Had you tackled the subject of bridges and high wires before?

Tibbie in the studio with Figure in a Dissolving Landscape behind

Not high wires so much but definitely bridges. I’ve done this thing with the rope, and the rope’s a connection. And it’s a bit like a highwire too, it’s a similar kind of thing, trusting in the rope. So it felt right.

[Euan said he wanted the big figure in the middle of his big triptych, Figure in a Dissolving Landscape, to be “dwarfed” by the landscape.] And how do you do that? How do you suggest this massive, massive landscape that’s enveloping the person, without having them tiny? And one way you can do that is you have the figure in the air or in the middle, so I did a lot with people standing in clouds and on clouds, and I thought, well, the highwire is the perfect way because it’s a person suspended in the middle of nothing.

The man in middle panel of the triptych appears to be standing on a precipice.

Mm, I’m glad you can see that. See I know it is, but … that to me, that was like that. The hut was absolutely on a precipice and they’re put there on purpose because the main danger of these huts is rock fall, rocks falling on top of them, so they have to be on rock.

Euan Macleod: Pull Up, 2020

How was the hut? 

It’s pretty spartan but not bad, and we were the only ones there, thank God.

Freezing cold?

No, it wasn’t too bad.

Did you walk out to see the stars? 

Oh yeah, it was all pretty beautiful. The guys got up really early one morning to see the sun come up and I’ve got to say I just went no, fuck you, I want my sleep. Isn’t that terrible!

[Euan said he wanted to paint the “thrill” of being in that landscape.]

The sublime.

Yeah, the Caspar David Friedrich thing. An absolute total influence. All those guys used to do their pilgrimage to the Alps and things, so it’s not that dissimilar, really.

You get the sense in these paintings that you’re a long way from civilisation and human comforts.

Yeah. I don’t do the climbing stuff any more so it’s not dangerous, but you are in an environment if anything goes wrong you’re a long way from any kind of help or support or anything.

When were you a climber? In your 20s and 30s? 

No, younger. And I wasn’t a very good one. I was pretty crappy at it, because it’s one of those things you have to be pretty committed and you also have to be pretty fearless, and I’m not. I wasn’t fearless and I wasn’t committed really. I loved it, and what I loved about it was being in that environment. The thing about climbing mountains, there was a thrill in that, but just being in that environment was just so amazing. You want to be in more and more extreme environments, and you need those skills to help you. But having the guide there was a real bonus and they supplied all the equipment which was just brilliant too.

Euan Macleod in his studio, with Jade keeping him company

When you were there on the mountain, you could work?

Yes, I worked on the acrylics and a few drawings.
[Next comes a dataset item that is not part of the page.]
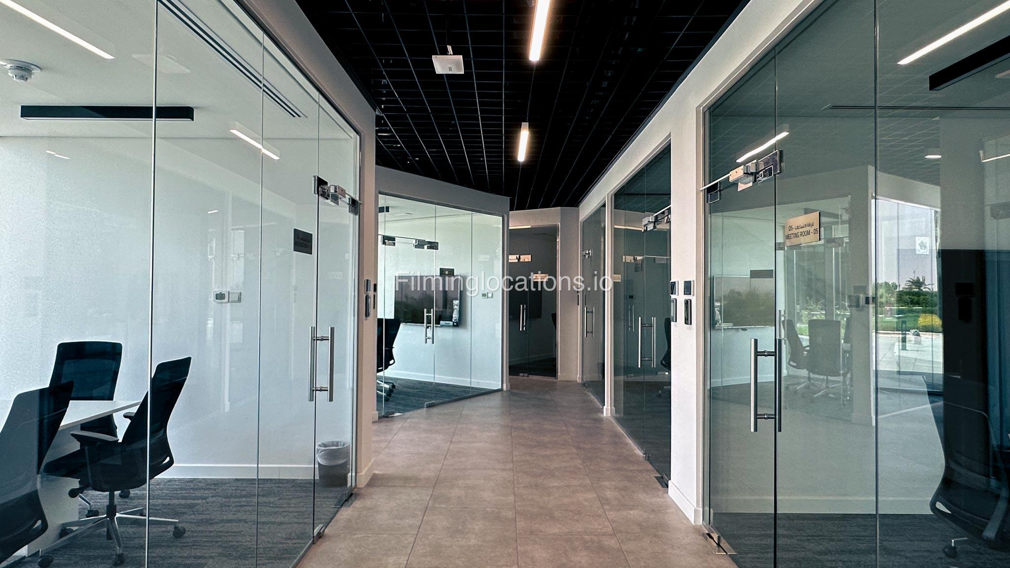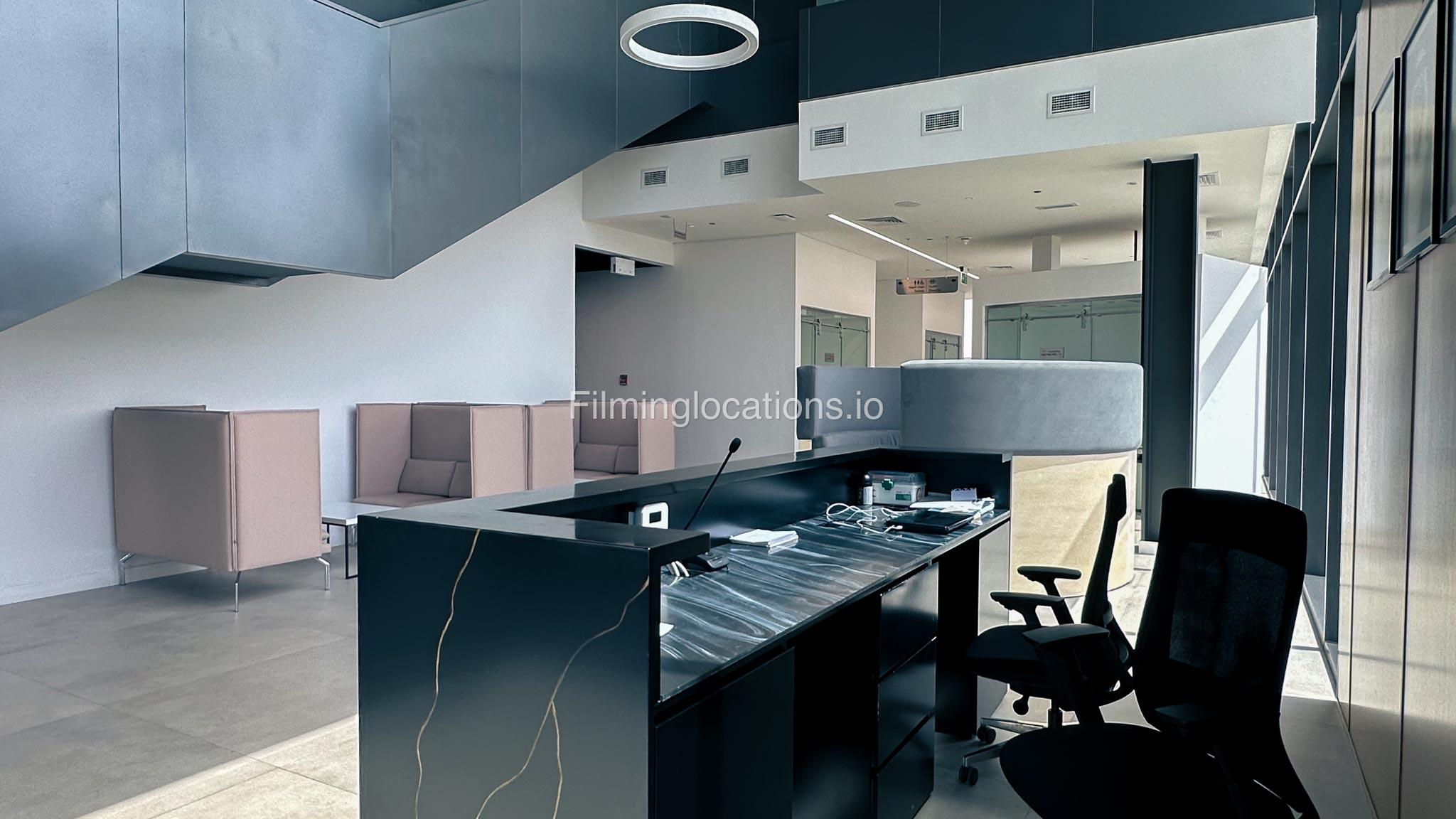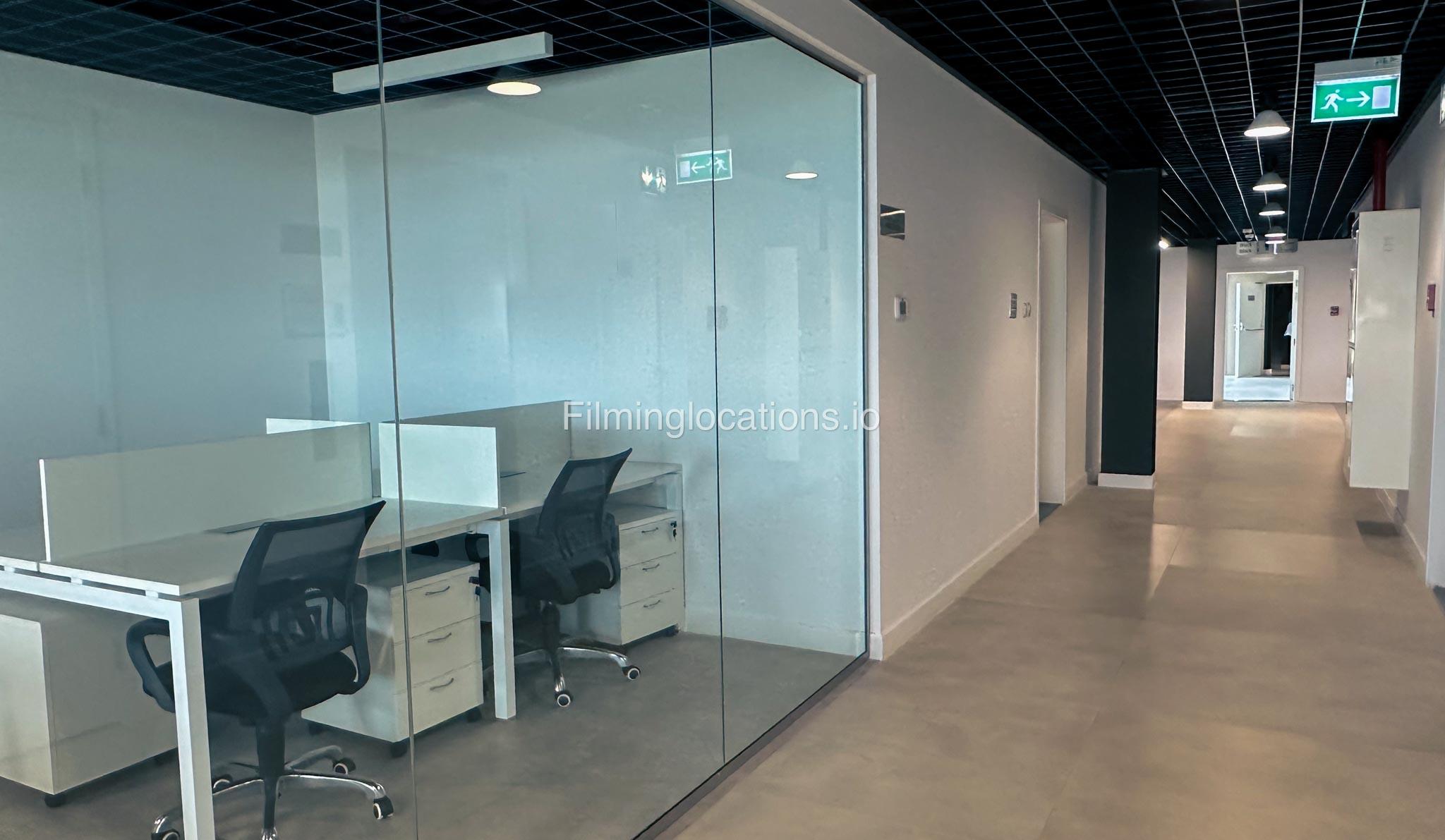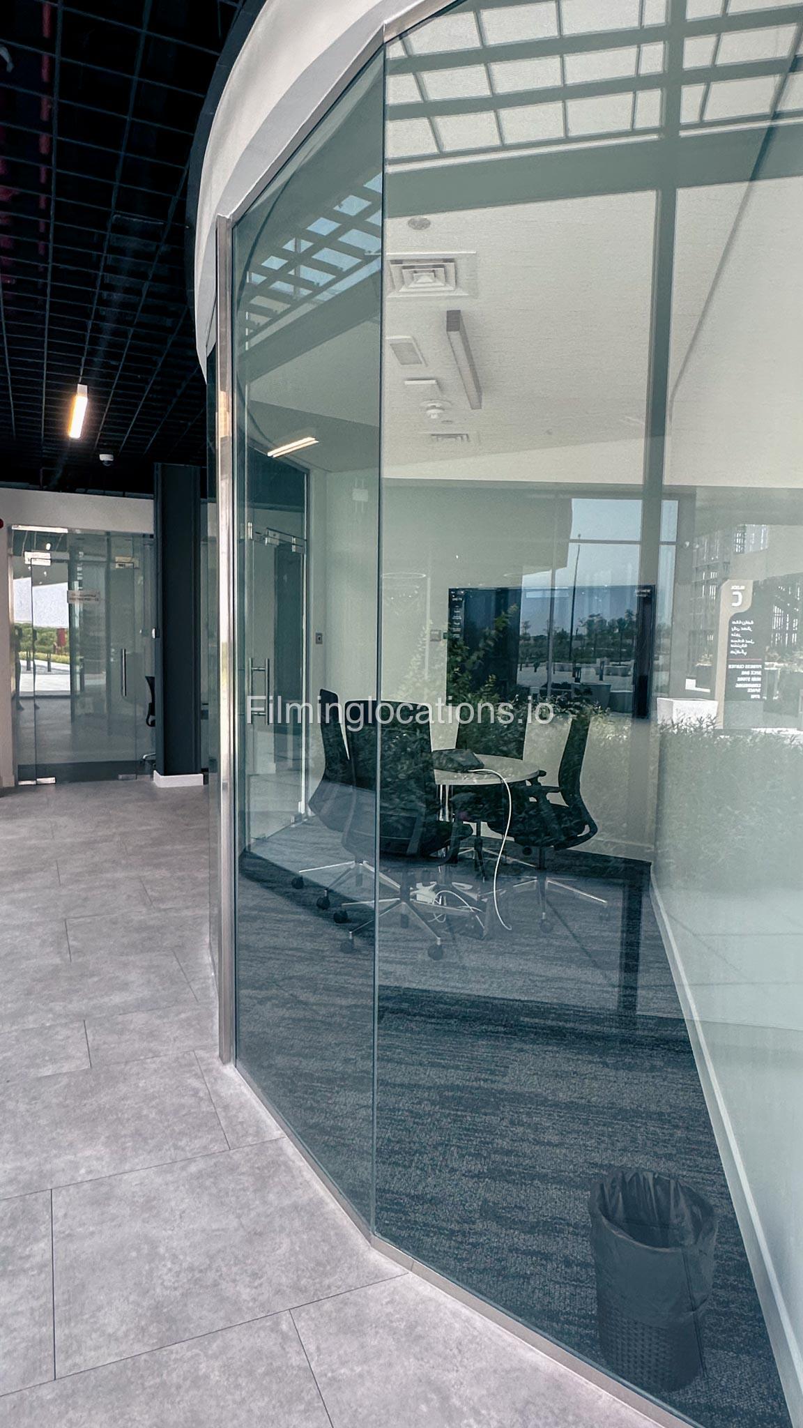 Our office has a reception, various seating areas, and meeting rooms of different sizes. Each meeting room has a table, chairs and a UHD television screen. The small meeting rooms can accommodate up to 4 people and the big meeting rooms can accommodate up to 8 people. Additionally, there are cutting-edge card/face readers around the office, if required.
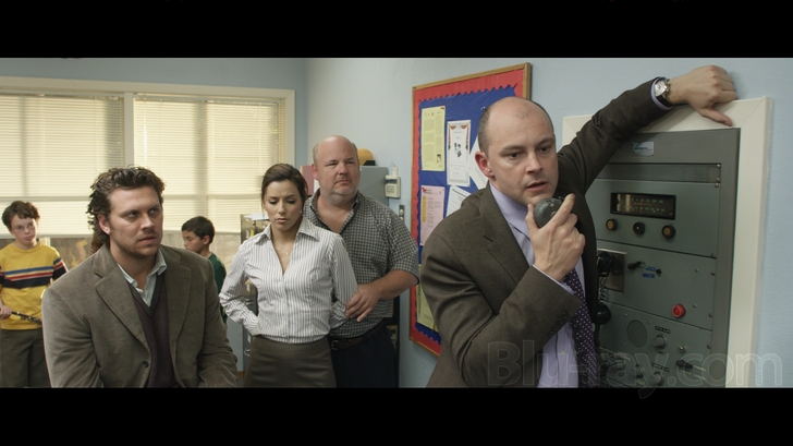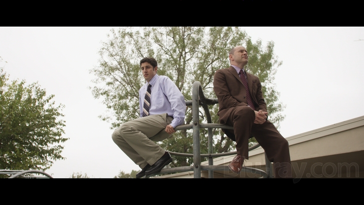 Lower Learning enrolls on Blu-ray with a solid 1080p, 2.39:1-framed transfer. Colors are strong, natural, and many; green chalkboards stand out in every classroom, but the image is made whole by the abundance of color posters and clothing scattered about most every frame. Detail, too, is sharp; chips and scratches in wooden desks or dents and torn stickers on lockers are examples of the nicely-rendered and realistic-looking objects found throughout the film. Shot on video, the image doesn't sport much noise and takes on neither tremendous depth nor a terribly flat appearance. Various interior scenes can appear somewhat hazy, particularly in Billings' office where sunlight shines in brightly through practically transparent curtains and competes with the dark wooden furniture and otherwise low lighting levels. Additionally, flesh tones take on a pleasant and natural appearance throughout. Despite the budget price and under-the-radar nature of this release, Starz has given Lower Learning a surprisingly handsome 1080p transfer.

So the middle panel [of the triptych], that has developed from one of those drawings that I did up there. Just the sense of seeing this ice fall, how the ice fell off the mountain and down into the glacier, it was just spectacular. I’m so pleased I can show you that [the triptych] because I only finished it on Friday.

It’s that sense of being helpless, you’re so tiny in nature. But you’re also not. We’re destroying that landscape, you know, that humanity, well global warming has been terribly, you know, Mount Cook has had a great big huge chunk fall off it and it’s receding all the time. The Tasman Glacier, when I was about 19 when I went up, I walked all the way up. There’s no way you could do that now. It’s so broken up and receded so far. There wasn’t a lake at the end of it when I went up then. Now there’s this massive lake that jet boats go around on and take tourists on. And that’s in, what, 40 years? You look at it and you think, we’re buggering it up.

At least COVID is keeping lots of planes out of the sky for the moment. 

I do probably need to sit in one place and digest where I’ve gone rather than just go flying around. We were going to be going to Greece and Crete in September which would have been great, but I’m enjoying doing this [his current work based on the Mount Cook trip]. That’s the thing, you go on one of those trips and your focus gets shifted and you sometimes, I mean I don’t know where this will lead to. You never know where they’ll go.